This decision was starkly contrasted by the US Internal Revenue Service (IRS) declaring that Bitcoin was in fact a property, and should be treated as a property for taxation purposes rather than as a currency. Germany is clearly taking the contrary view and has decided to treat Bitcoin as a currency. While the US IRS decision makes a certain level of sense when you view Bitcoin as an investment it intrinsically would make purchasing a pizza unwieldy and cumbersome from a tax reporting perspective. It would be necessary to record the price you bought each bitcoin, at the price you bought it, then record the price of the bitcoin as you used it to buy the pizza and then declare the difference, to account for, a potential liability to Capital Gains Tax.

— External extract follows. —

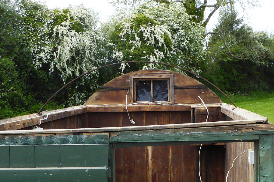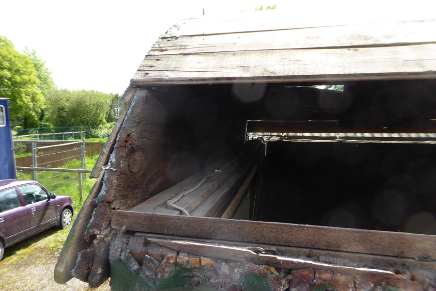 Each end a solid wooden arch was bolted to the top plate in line with the centre hoop, these arches will have to be replaced. This was clad with tongue and groove then covered with corrugated iron, which is also being replaced.

The decision to treat Bitcoin as a currency allows users to treat it as a currency [which they already do] and to spend it without taxation worries; businesses then record it for taxation purposes within their Profit and Loss accounts. Germany has clearly taken the decision to step back and allow the currency to develop. The developing power of Bitcoin, with more and more retailers coming to accept it, means that Governments are moving to decide how to treat it. The status of Germany as a rather conservative financial leader, within the European Union, will be taken as a strong signal. The US and Germany have taken decisions about how to treat Crypto as other countries opt to just sit back and wait.
In the months following the German announcement of Bitcoin as ‘private money’, the United Kingdom has also taken a similar stance. Her Majesty’s Revenue and Customs, after learning more about Bitcoin, decided to scrap previous plans to enforce a VAT and treat Bitcoin as ‘private currency’. America risks being left behind in the Bitcoin regulatory sphere as Europe has taken a clear lead. A Texan Congressman plans to change the US IRS’s decision to treat Bitcoin as a property.
Perhaps, cryptocurrencies are now seen to be moving beyond their perceived shady links with ‘The Silk Road’. The head of Japan’s central Bank, Haruhiko Kuroda, has pointed out that in his opinion in order for Bitcoin to have a future as a recognized currency, it must establish that it can be a stable and reliable medium of exchange in the aftermath of recent scandals and constant price fluctuations. Germany, has significantly greater experience of privately issued currencies than many other nations so their legal system has experience of handling them. It is difficult not to view this recognition as a very positive development and it will be interesting to see how the market will respond. The recent rumours circulating from The PBOC had a dramatic effect on Bitcoin price so we can reasonably expect good news of this magnitude to affect Bitcoin value positively. The cryptocurrency world is now moving from strength to strength. We’ve taken the hits and perhaps it is now time to benefit from rewards. Germany is leading the way, other countries, at least in the EU, will choose to follow. A good Day.